And Dorothy Patterson, an editor of the new Evangelical Women’s Commentary, notes, “Most people don’t think about submission as being a topic in the book of Esther, but it is clearly in the text. I think our readers will find it interesting to see how you take the Old Testament roots for something that is very heavily discussed in the New Testament.”

Both of these authors fail to mention the fact that the reason Esther waited outside her husband’s room was because she would have been executed by Xerxes if she hadn’t!

Or that the very act of summoning her husband was an act of defiance, not submission, that could have gotten Esther killed. Or that the dynamic between Esther and Xerxes is decidedly not the picture of a healthy marital relationship, what with the harem and death threats and all.

Driscoll and Patterson’s bizarre interpretations of Vashti, Esther, and Xerxes represent yet another example of how the modern biblical womanhood movement isn’t as concerned with returning to biblical womanhood as it is with returning to 1950s, pre-feminist America.

Rhonda Kelley, co-editor of the New Evangelical Women’s Commentary, said this of young Christian women today: “Not only do they not have a framework, but in many situations our women students have been raised by mothers who were a product of the feminist movement.

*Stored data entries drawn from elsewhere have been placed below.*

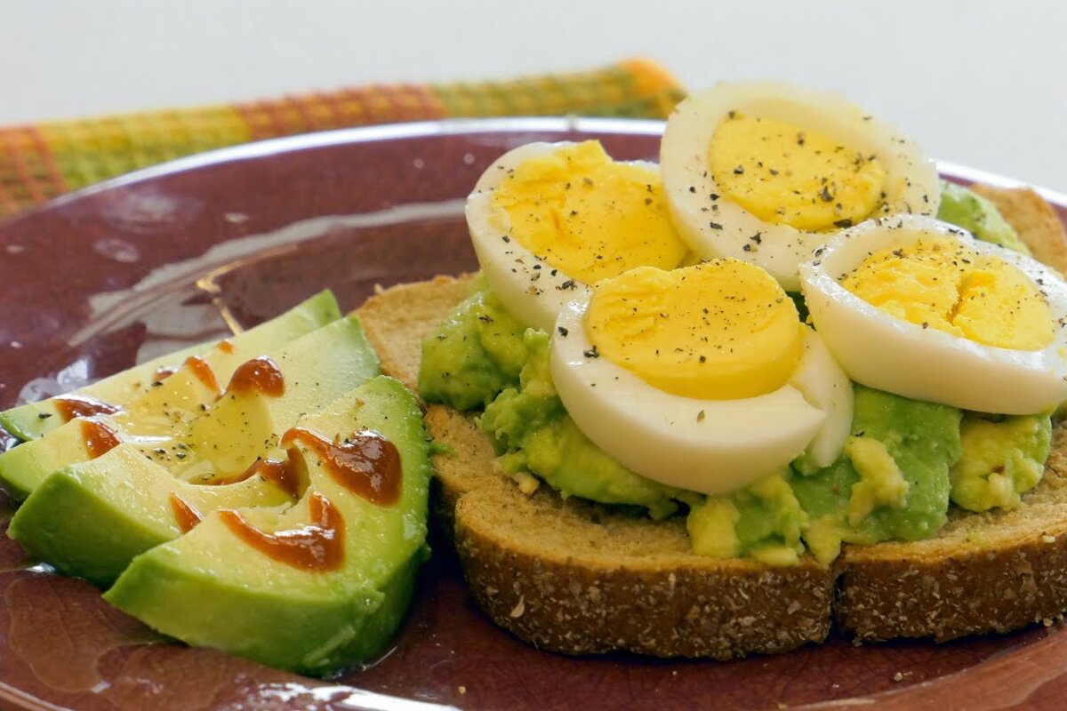 Unte el aguacate sobre su tostada. Cubra con huevos, sal y pimienta al gusto y albahaca.
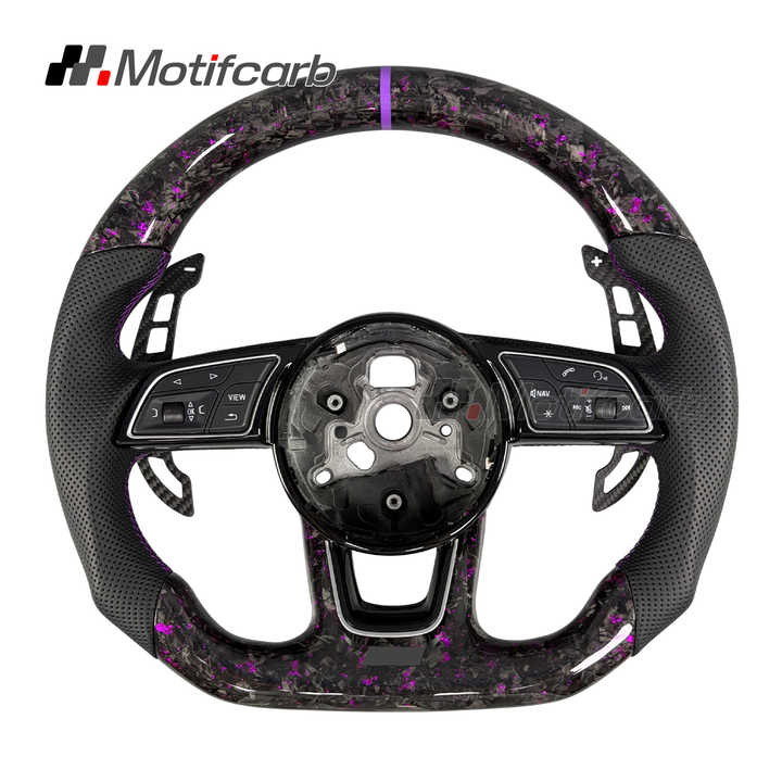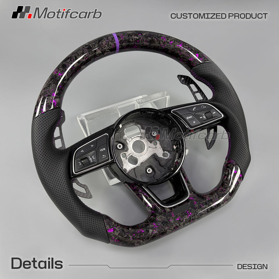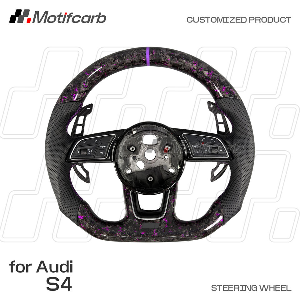 พวงมาลัยคาร์บอนไฟเบอร์สีม่วงสำหรับรถ Audi A4 S3 S4 RS4 RS3 A5ปรับแต่งได้2016-2024พวงมาลัยพร้อมตัวเปลี่ยนเกียร์แบบแม่เหล็ก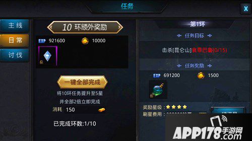 在鬼吹灯3D中,除了为大家提供各种丰富的活动外,还为大家提供了简单轻松但奖励丰富的日常任务,日常任务包括环任务和讨伐任务,环任务可以获得大奖经验和钞票奖励,讨伐任务大量金块和绑定金块奖励。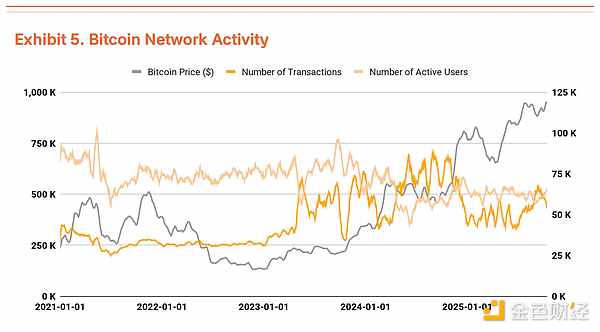 ビットコインの取引件数とアクティブユーザーベースは前四半期とほぼ同水準で推移しており、ネットワークの成長が一時的に鈍化したことを示唆しています(図5)。一方、総取引量は増加傾向にあります。取引件数の減少と取引量の増加は、より少ない取引数でより多くの資金が移動していることを示唆しており、大規模な資金移動の増加を示唆しています。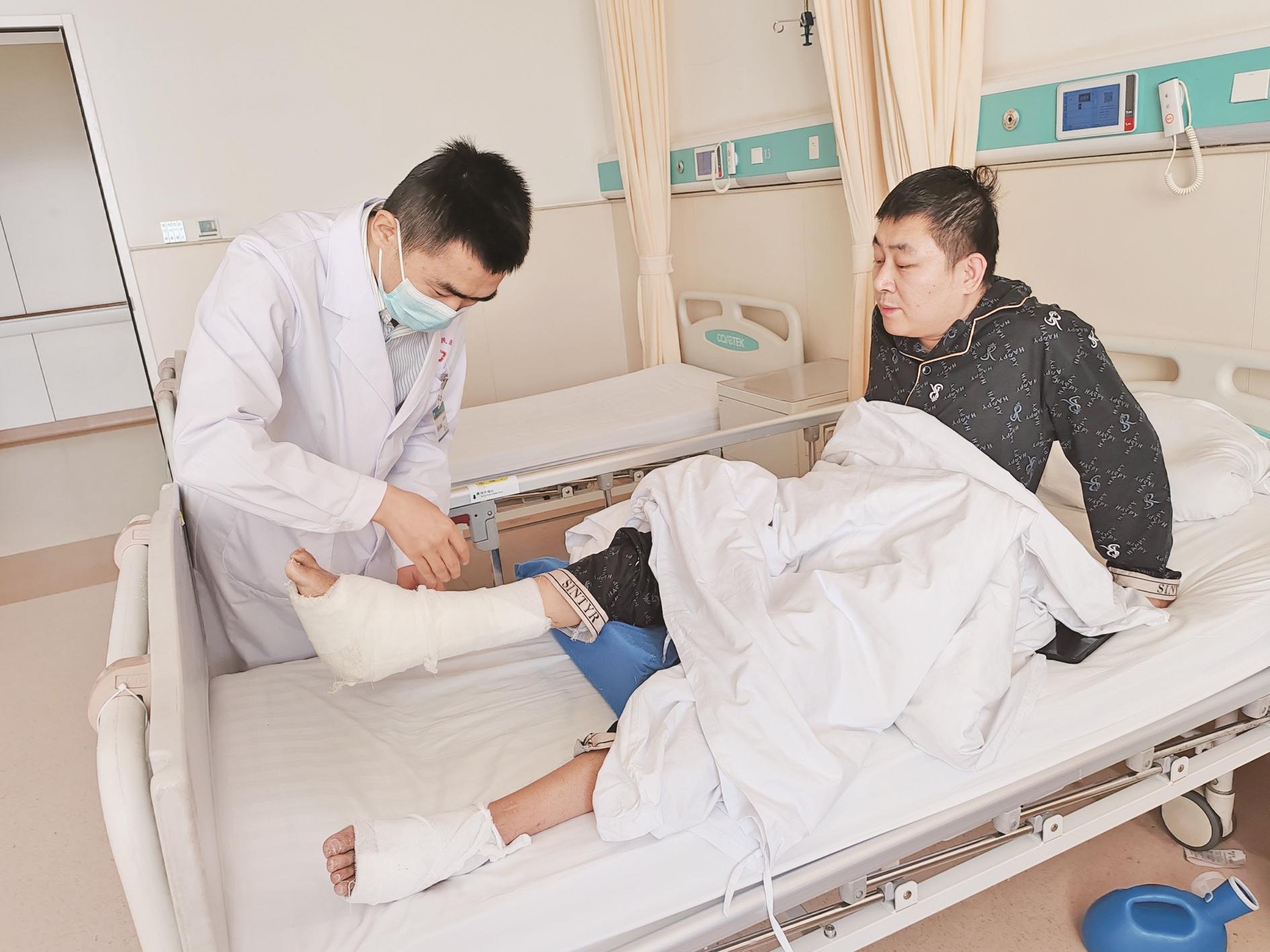 “右脚恢复得怎么样?行动不便的话随时叫护士来帮你。左脚手术已经准备就绪,术后休养2个月,能够恢复正常行走。”市人民医院运动医学科主任张忠在查房时对患者赵先生说。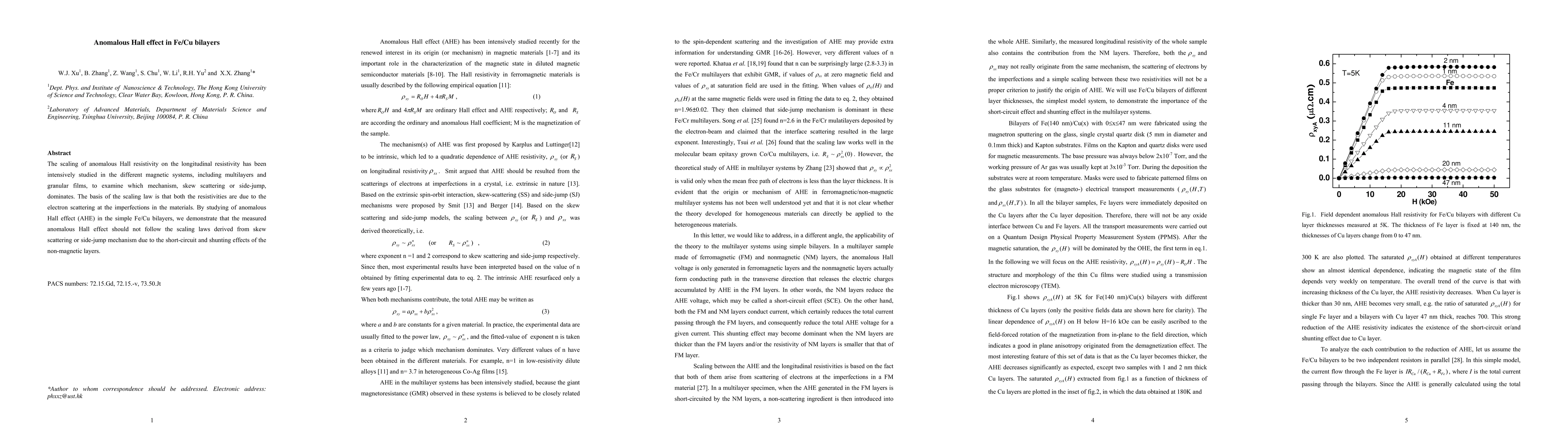 The paper presents a detailed analysis of the AHE in Fe/Cu bilayers, highlighting the impact of short-circuit and shunting effects on AHE resistivity, and demonstrating that scaling laws from skew scattering and side-jump mechanisms are not applicable in multilayer systems.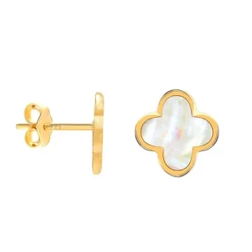 The earrings are made of 925 Sterling Silver with a 14K Gold-Plated finish and feature a Mother of Pearl clover design.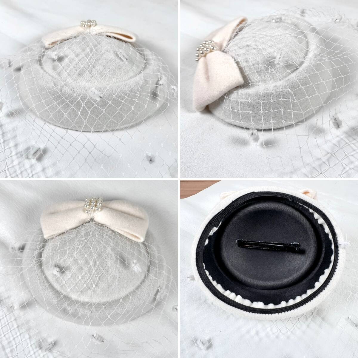 上品さと高級感を兼ね備えたフエルト素材でしっかりとした仕上がり★内側のヘアクリップを髪にはさむタイプで簡単に着用いただけます♪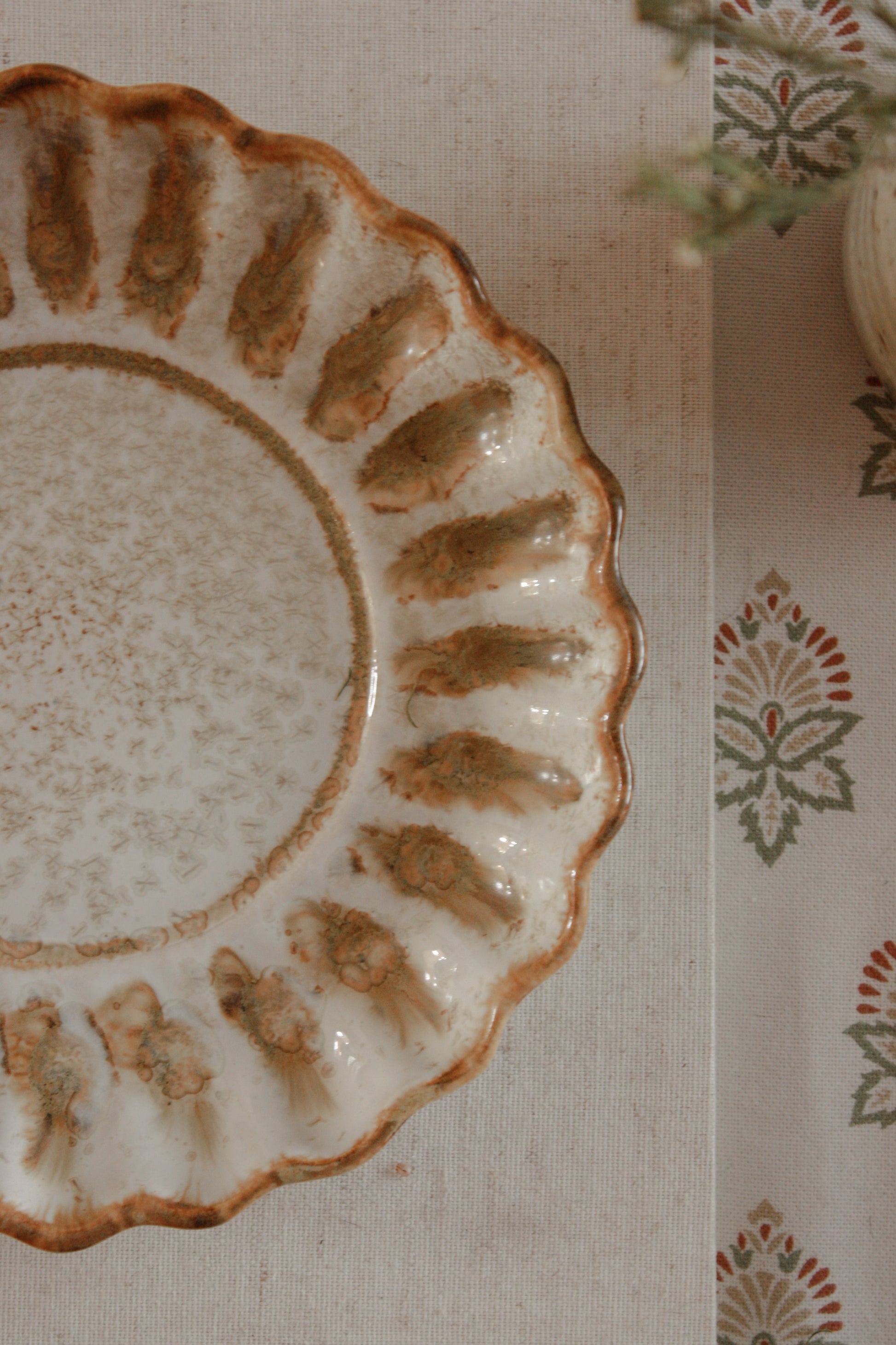 Rustic studio pottery scalloped dish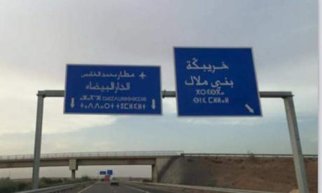 وأظهرت أولى الصور التي تداولها الفايسبوكيون عن الطريق السيار المذكور أن اللغة الأمازيغية عوضت اللغة الفرنسية في لوحات التشوير

And so even their Christian mothers didn’t fully understand what it meant to be biblical women and they were rebelling with the world, with the culture, against a role that they thought women were being forced into.”

But it’s not those young women who misunderstand biblical womanhood; it’s Patterson and Kelley and Driscoll. In their attempts to try and bend the stories of an ancient near eastern culture to fit into the dynamics of a modern-day, Western, nuclear family, they have dismissed the actual story of Vashti and Esther and replaced it with one of their own making.

Whether we like to admit it or not, the Bible was written at a time in history when most women were owned by their husbands.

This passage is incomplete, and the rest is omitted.